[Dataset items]
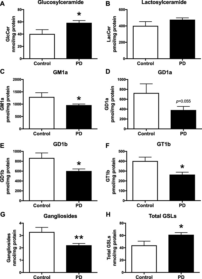 Conclusions: These findings conclusively demonstrate reductions in GBA activity in the parkinsonian midbrain, and for the first time, reductions in the activity of several other sphingolipid hydrolases. Furthermore, significant reductions were seen in complex gangliosides in PD and ageing. The diminished activities of these lysosomal hydrolases, the glycosphingolipid substrate accumulation, and the reduced levels of complex gangliosides are likely major contributors to the primary development of the pathology seen in PD and related disorders with age.
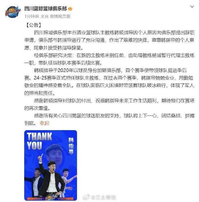 北京時間1月22日,四川男籃在開局17連敗聯(lián)賽墊底后,如今四川男籃官方發(fā)布公告,球隊主帥韓碩指導(dǎo)因個人原因向俱樂部提出辭職申請,俱樂部同意并接受韓指導(dǎo)辭呈,由助教暫時承擔代理主帥職責。
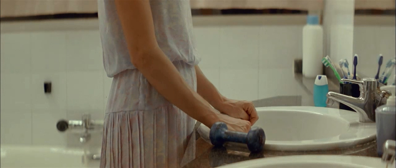 일반적인(?) 손목 긋기 같은 건 취급하지도 않는다. <송곳니>에선 아령의 치과적 사용법을 보여주고(일명 원펀치 쓰리 강냉이), <더 랍스터>에서는 코피를 흘리려고 얼굴을 박고, <킬링디어>에선 예시를 친절히 몸소 보여주기 위해 자기 팔을 물어뜯고, <더 페이버릿>에선 맞은 거 침소봉대(일종의 전시행정)하려고 또 얼굴을 들이받는다. 그리고 자살도 빨리 죽여주질 않는다. <더 랍스터>에서 자살하려고 뛰어내린 여자는 하필 애매하게(?) 떨어져서 즉사하지도 못하고 고통을 길게 맛보며 죽는다. 그렇다면 이것은 단순 자살인가, 아니면 자해가 죽음으로 이어진 것인가...
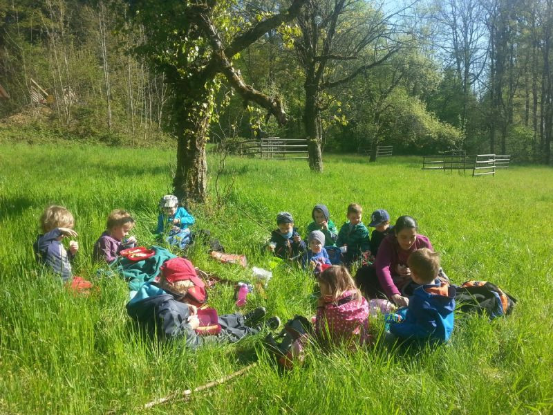 Vielfältige Begegnungen mit der Natur und ihren Wesen und Elementen finden statt und schaffen Vertrauen und Nähe- das Kind fühlt sich in Wald und Wiese zu Hause.
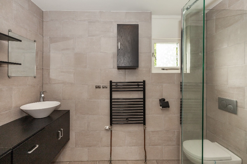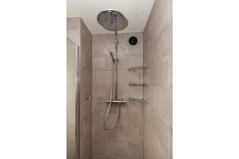 De moderne badkamer is 7 jaar geleden compleet verbouwd en werkelijk een plaatje geworden! Het is betegeld met luxe warmgrijze tegels, een ruime douchehoek met een glazen wand en een regendouche, een moderne wastafelmeubel met dubbele waskom, een handdoekradiator en een zwevend toilet.
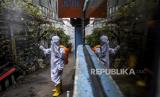 REPUBLIKA.CO.ID, BANDUNG -- Warga menyemprotkan cairan disinfektan di area permukiman warga saat penerapan Pemberlakuan Pembatasan Kegiatan Masyarakat (PPKM) Skala Mikro di Gang Karya Laksana, Tamansari, Kota Bandung, Selasa (9/2).
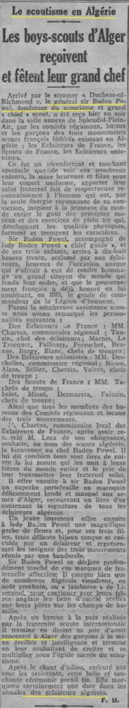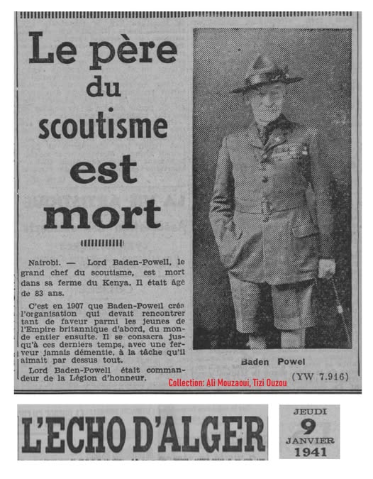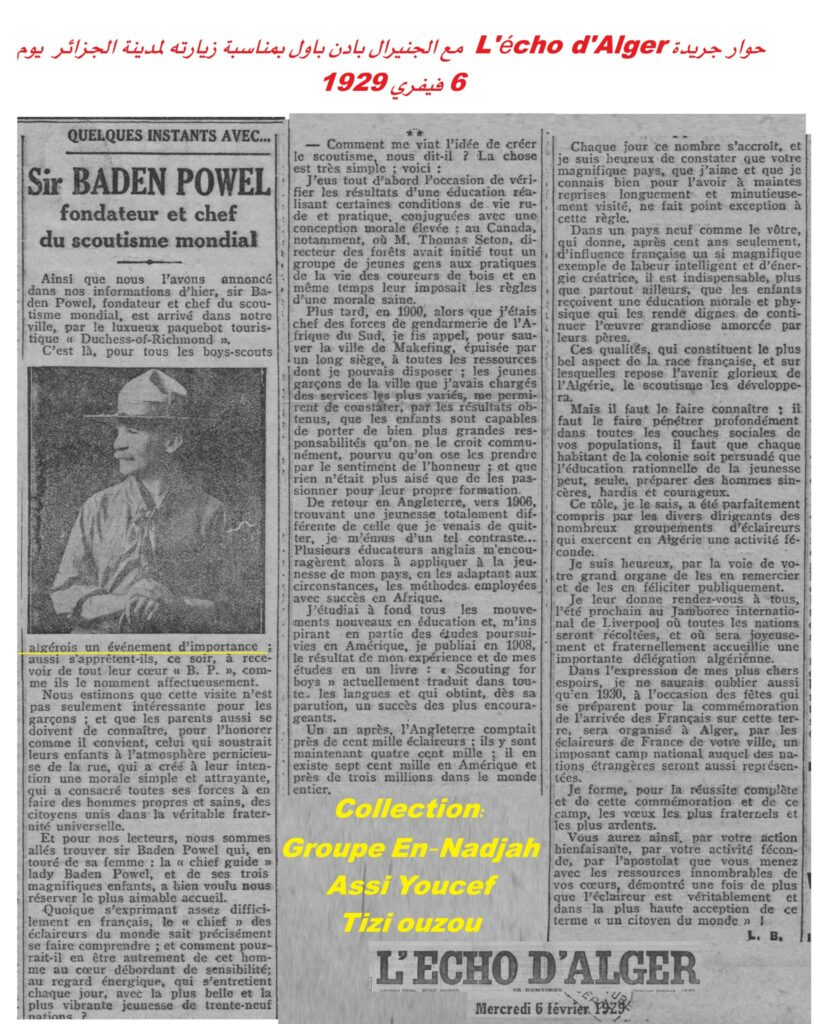 Ali Mouzaoui nous a transmis ces documents sur la visite de Baden-Powell en 1929 et les premiers contacts pris par Caquelin en 1942 en Algérie.
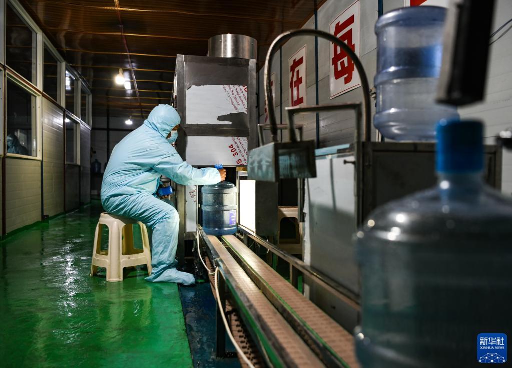 在四川省甘孜藏族自治州白玉縣打乙西村,工人正在桶裝水廠生產(chǎn)線上工作。新華社記者王曦 攝
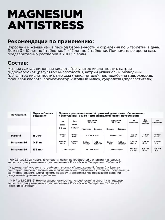 Максимальное содержание Магния 150 мг в суточной дозировке и витамины группы B, усиливающие действие Магния.
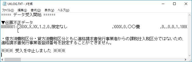 上記のメッセージは、課税仕入税区分以外の税区分を設定している明細に、適格事業者番号があるファイルを受入した場合に出ます。
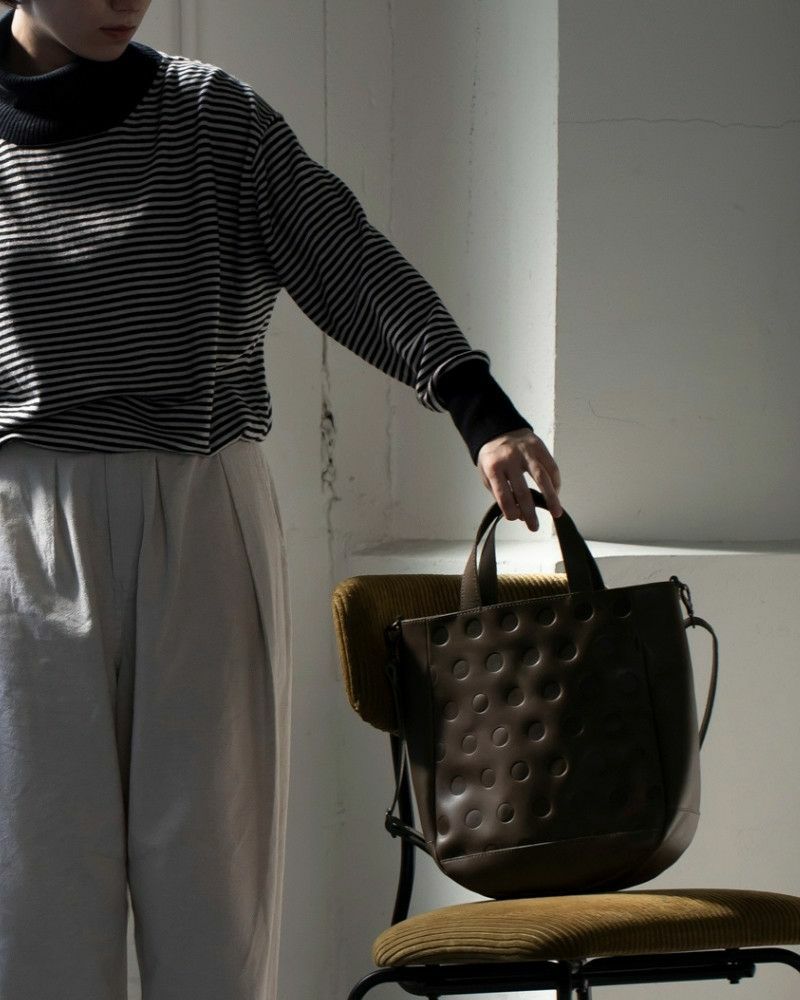 普段使いにも、仕事使いにも、そして遊び使いにも。 どんなシーンにも持ってもらえるように、かわいさ、収納力、使い勝手、ぜんぶ惜しみなく詰めこみました! 書類もすっきり入って、重さを感じにくくて、大人っぽく持てる水玉模様のバッグです。

● Instructions for the task
Your task is to set down the records shown above exactly, minus any pictures.

● Response area
 Conclusions: These findings conclusively demonstrate reductions in GBA activity in the parkinsonian midbrain, and for the first time, reductions in the activity of several other sphingolipid hydrolases. Furthermore, significant reductions were seen in complex gangliosides in PD and ageing. The diminished activities of these lysosomal hydrolases, the glycosphingolipid substrate accumulation, and the reduced levels of complex gangliosides are likely major contributors to the primary development of the pathology seen in PD and related disorders with age.
 北京時間1月22日,四川男籃在開局17連敗聯(lián)賽墊底后,如今四川男籃官方發(fā)布公告,球隊主帥韓碩指導(dǎo)因個人原因向俱樂部提出辭職申請,俱樂部同意并接受韓指導(dǎo)辭呈,由助教暫時承擔代理主帥職責。
 일반적인(?) 손목 긋기 같은 건 취급하지도 않는다. <송곳니>에선 아령의 치과적 사용법을 보여주고(일명 원펀치 쓰리 강냉이), <더 랍스터>에서는 코피를 흘리려고 얼굴을 박고, <킬링디어>에선 예시를 친절히 몸소 보여주기 위해 자기 팔을 물어뜯고, <더 페이버릿>에선 맞은 거 침소봉대(일종의 전시행정)하려고 또 얼굴을 들이받는다. 그리고 자살도 빨리 죽여주질 않는다. <더 랍스터>에서 자살하려고 뛰어내린 여자는 하필 애매하게(?) 떨어져서 즉사하지도 못하고 고통을 길게 맛보며 죽는다. 그렇다면 이것은 단순 자살인가, 아니면 자해가 죽음으로 이어진 것인가...
 Vielfältige Begegnungen mit der Natur und ihren Wesen und Elementen finden statt und schaffen Vertrauen und Nähe- das Kind fühlt sich in Wald und Wiese zu Hause.
 De moderne badkamer is 7 jaar geleden compleet verbouwd en werkelijk een plaatje geworden! Het is betegeld met luxe warmgrijze tegels, een ruime douchehoek met een glazen wand en een regendouche, een moderne wastafelmeubel met dubbele waskom, een handdoekradiator en een zwevend toilet.
 REPUBLIKA.CO.ID, BANDUNG -- Warga menyemprotkan cairan disinfektan di area permukiman warga saat penerapan Pemberlakuan Pembatasan Kegiatan Masyarakat (PPKM) Skala Mikro di Gang Karya Laksana, Tamansari, Kota Bandung, Selasa (9/2).
 Ali Mouzaoui nous a transmis ces documents sur la visite de Baden-Powell en 1929 et les premiers contacts pris par Caquelin en 1942 en Algérie.
 在四川省甘孜藏族自治州白玉縣打乙西村,工人正在桶裝水廠生產(chǎn)線上工作。新華社記者王曦 攝
 Максимальное содержание Магния 150 мг в суточной дозировке и витамины группы B, усиливающие действие Магния.
 上記のメッセージは、課税仕入税区分以外の税区分を設定している明細に、適格事業者番号があるファイルを受入した場合に出ます。
 普段使いにも、仕事使いにも、そして遊び使いにも。 どんなシーンにも持ってもらえるように、かわいさ、収納力、使い勝手、ぜんぶ惜しみなく詰めこみました! 書類もすっきり入って、重さを感じにくくて、大人っぽく持てる水玉模様のバッグです。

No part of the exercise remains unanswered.